Shorter days and fog makes it next to impossible for mandated 90 overs to complete in a day’s play in major Pakistani Test venues like Lahore, Rawalpindi and Faisalabad and Inzamam believes that to make Tests more result-oriented the International Cricket Council (ICC) should add another day to five-day matches.
“It is frustrating to see so much playing time is lost due to bad light in Test matches here,” Inzamam said. “It is difficult to attract crowds in these conditions when getting a result of a match can be very tough,” said the experienced batsman.
Almost sixty overs were lost during the Lahore Test against the West Indies that ended earlier this week in spite of efforts made by the officials to allow maximum possible daylight hours to the competing teams. The start of play was brought forward but even then just 70 odd overs were bowled in each of the four days because of murky conditions.
“Six-day Tests should be played in cities where the sun sets early and fog also creates problem,” said Inzamam who would lead Pakistan in the second Test in hometown Multan from November 19.
Situated in southern Punjab, expectations are that Multan would not be as bad as Lahore as far as weather conditions are concerned.
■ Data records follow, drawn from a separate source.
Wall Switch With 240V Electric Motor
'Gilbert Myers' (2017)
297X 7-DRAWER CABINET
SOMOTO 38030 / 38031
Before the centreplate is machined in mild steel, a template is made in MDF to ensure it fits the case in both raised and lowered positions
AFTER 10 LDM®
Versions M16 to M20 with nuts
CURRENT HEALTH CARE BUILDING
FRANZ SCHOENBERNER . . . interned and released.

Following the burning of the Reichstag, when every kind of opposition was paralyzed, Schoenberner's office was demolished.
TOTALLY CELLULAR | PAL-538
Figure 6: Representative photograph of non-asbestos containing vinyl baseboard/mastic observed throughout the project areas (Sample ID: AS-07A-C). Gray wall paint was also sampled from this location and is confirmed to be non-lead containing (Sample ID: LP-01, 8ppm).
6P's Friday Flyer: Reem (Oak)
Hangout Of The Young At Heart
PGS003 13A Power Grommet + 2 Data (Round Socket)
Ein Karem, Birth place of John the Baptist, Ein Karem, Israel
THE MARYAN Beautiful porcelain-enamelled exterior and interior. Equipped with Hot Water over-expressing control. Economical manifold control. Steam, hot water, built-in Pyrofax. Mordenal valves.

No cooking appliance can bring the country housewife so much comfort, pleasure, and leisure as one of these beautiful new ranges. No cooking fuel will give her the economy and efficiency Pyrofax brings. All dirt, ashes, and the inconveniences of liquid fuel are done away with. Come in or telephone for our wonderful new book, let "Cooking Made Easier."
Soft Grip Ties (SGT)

Things would get even better for the teams when they travel to Karachi for the final Test starting from November 27 as the port city has longer daylight hours during the winter season than any other Test venue in Pakistan.
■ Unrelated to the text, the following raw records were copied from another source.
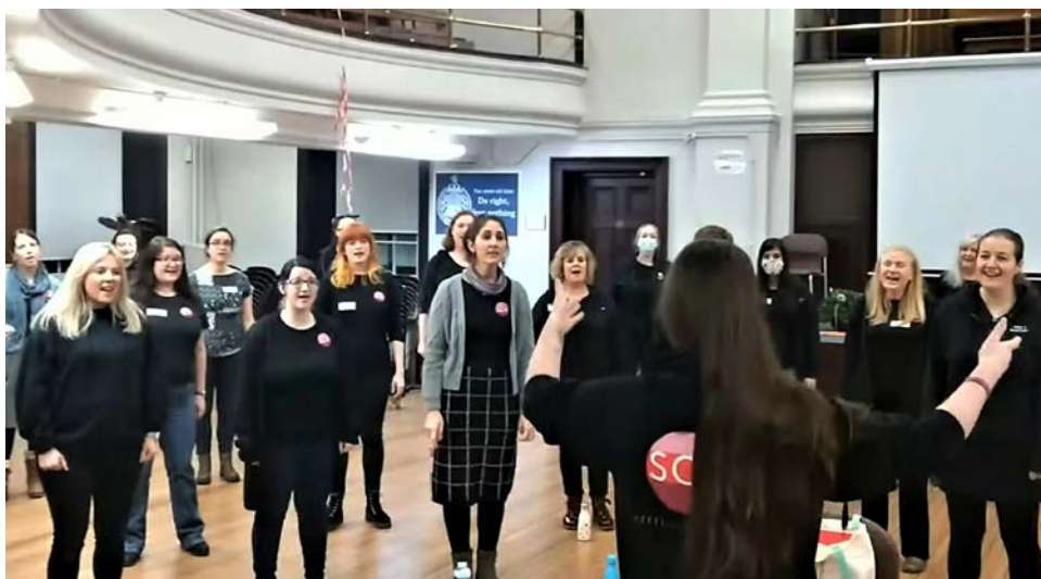
Steel City Voices Open Rehearsal

our highlights from 2021. We felt like we'd achieved quite a lot considering we had only had four official rehearsals. Now Steel City Voices has so much to look forward to in 2022: international voice coaching, our retreat weekend, and LABBS Convention! SCV's first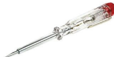
27. Indicator screwdriver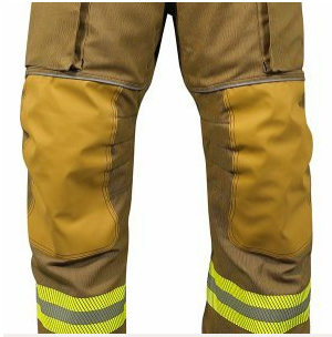
Enhanced Mobility Knees™ (EMK™) Knees reinforced with gold Polymer Coated Aramid.

Includes extra padding in the knee (14 oz Nomex® felt).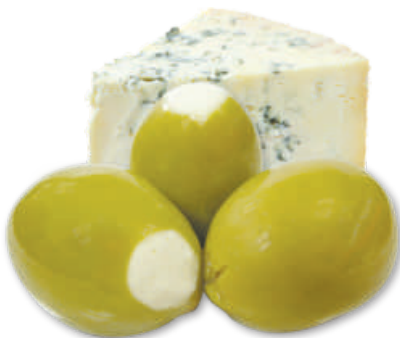
GREEN FILLED BLUE VEIN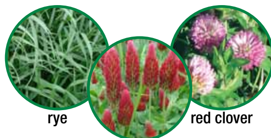
rye crimson clover red clover

This mixture contains Wintergrazer 70 Rye, AU Sunrise Crimson Clover and red clover. Our YieldUp mix gives you all the benefits of our Cover Star All Purpose Mixture plus the added boost of nitrogen from the top N producing red clover plant. The crimson and red clovers work overtime to add nitrogen to your soil, reducing input costs and providing superior yield results. YieldUp Cover Crop mix will fix up to 125 lbs per acre of free nitrogen. Plant at ½” depth at a rate of 50 lbs/acre.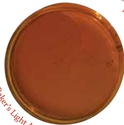
Baker's Light Amber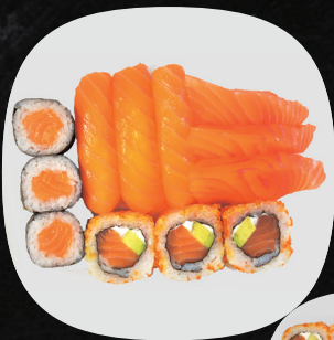
SALMON SAYS 55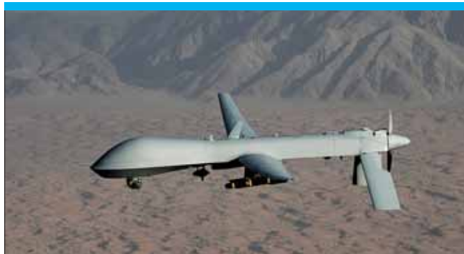
One of the most widely seen ISR assets in the Afghan skies is the MQ-1 Predator, different versions of which are in service with the American, British and Italian forces.

Although numerous countries deployed mini drones in the early period, the systems required to provide the required real-time data to the Isaf are male drones. These were deployed in the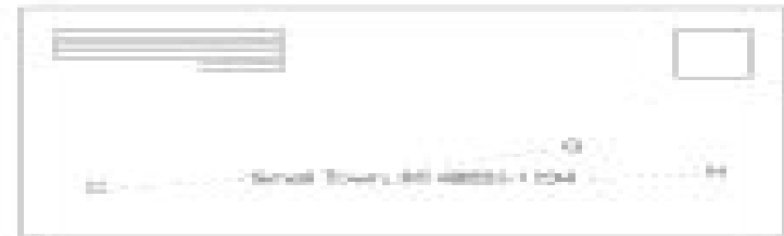
Addressed Envelope 2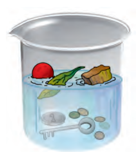
Fig. 2.6 Some objects float in water while others sink in it

drops of honey that you let fall into a glass of water. What happens to all of these?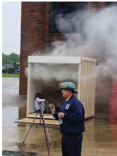
This sprinkler protected moderately furnished room at the 30-second mark where a single sprinkler head activates and contains the fire. This is a survivable event that contained the fire to one room.

For more information on fire sprinklers and fire safety, please contact Environmental Health and Safety at 302-831-8475.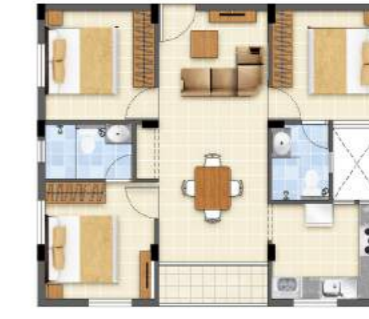
FLAT-A3 1067 Sq.ft

The idea of having six-day Tests in Pakistan is not a new one as former Pakistan Cricket Board (PCB) chairman Shaharyar Khan made a similar call last year following back-to-back home series against England and India when the mandated 90 overs were impossible for 20 successive days.
At that time Shaharyar had said that the PCB would ask the ICC to allow six-day Tests in Pakistan but such a demand was never made in black and white.
The PCB, in the meantime, also experimented by introducing orange balls, said to have better visibility, during domestic matches. The results, however, were inconclusive.
The Board had also announced plans to uplift existing Test venues in the southern parts of the country so that more matches could be played there during the winter season. Initial steps were taken to improve facilities in Hyderabad but nothing concrete was achieved. Similarly, the Board also revealed long-term plans to build a top class stadium in the port city of Gwadar to make it an alternate Test venue but the project remains a pipe dream.